Statistical tests (Student’s t-test, chi-squared test, Wilcoxon signed rank test) were performed using R (https://www.r-project.org) 3.6.0, 4.0.0, and 4.0.3. Normality was tested for using both the Shapiro–Wilk test and Q–Q plots. All data are presented in the format of mean ± standard error of the mean unless otherwise stated. A p value <0.05 was regarded as significant.

Funding Statement

The funders had no role in study design, data collection, and interpretation, or the decision to submit the work for publication.

Funding Information

This paper was supported by the following grants:

• Wellcome Trust 211236/Z/18/Z to Gulsen Surmeli.

• Royal Society 211236/Z/18/Z to Gulsen Surmeli.

• Biotechnology and Biological Sciences Research Council BB/M025454/1 to Christina McClure.

Additional files

Source data 1. MAPseq barcode count matrix.

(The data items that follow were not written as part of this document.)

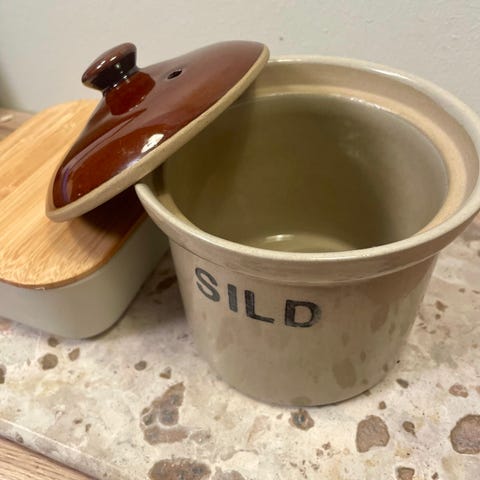 Denby England krukke med lokk i keramikk i beige farge. Krukken har rund form med rett sider og bred kant øverst, samt et matchende lokk og lite luftehull. Egnet til oppbevaring på kjøkkenet, for eksempel til krydder, salt , syltetøy, sild, smør eller til generell oppbevaring i hjemmet. Overflaten er glasert for enkel rengjøring.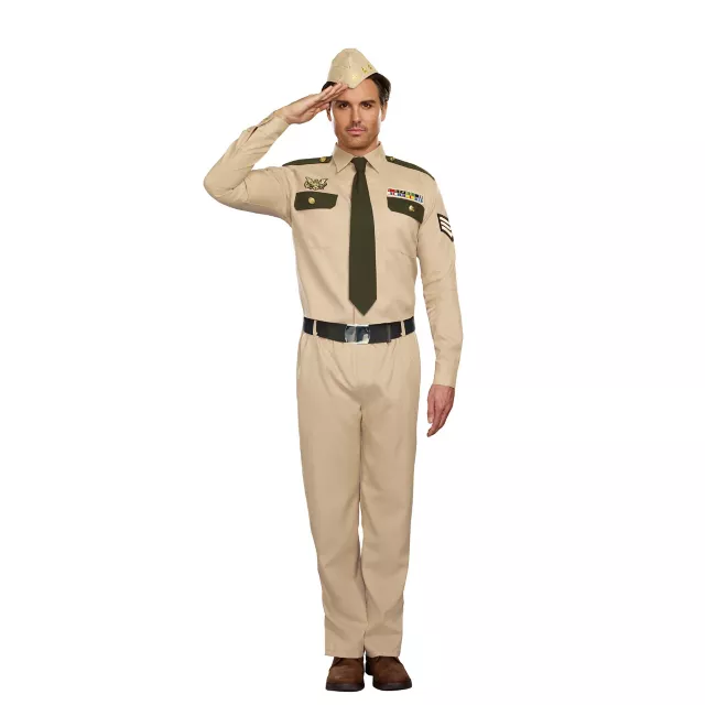 Show off your patrotism with this Military costume! This costume is all tan and features dark green accents.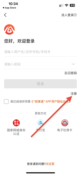 3、在登录界面中,点击注册按钮,进入个人注册页面。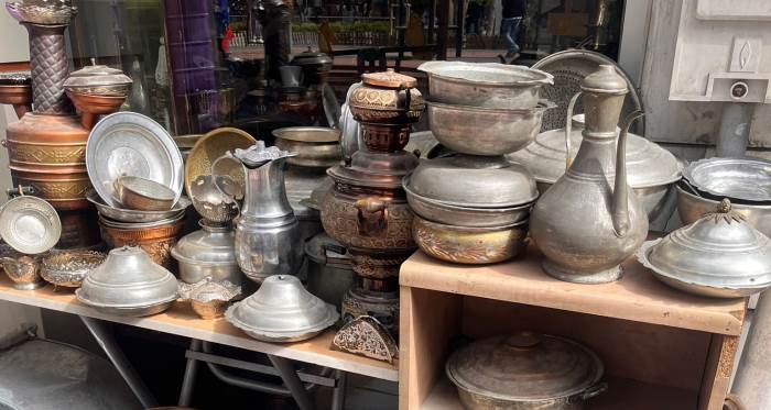 Hamamyolu’nda bulunan bir spotçu dükkânı, eski zamanlarda kullanılan kap kacak ve ibriklerin satışıyla ilgi odağı haline geldi.

Source data used to generate all plots in Figure 4, Figure 4—figure supplement 1. Barcode counts were filtered and normalized by spike-in counts as described in methods. Column names are abbreviations of brain area names as explained in figure legends.

Data availability

MAPseq FASTQ sequences are publicly available via University of Edinburgh's Datashare service (https://datashare.ed.ac.uk/handle/10283/4369). All other source data are available upon request.

The following dataset was generated:

Surmeli G, Tsoi SY. 2022. MAPseq FASTQ sequences and barcode count matrix Tsoi et al., 2022. Edinburgh DataShare.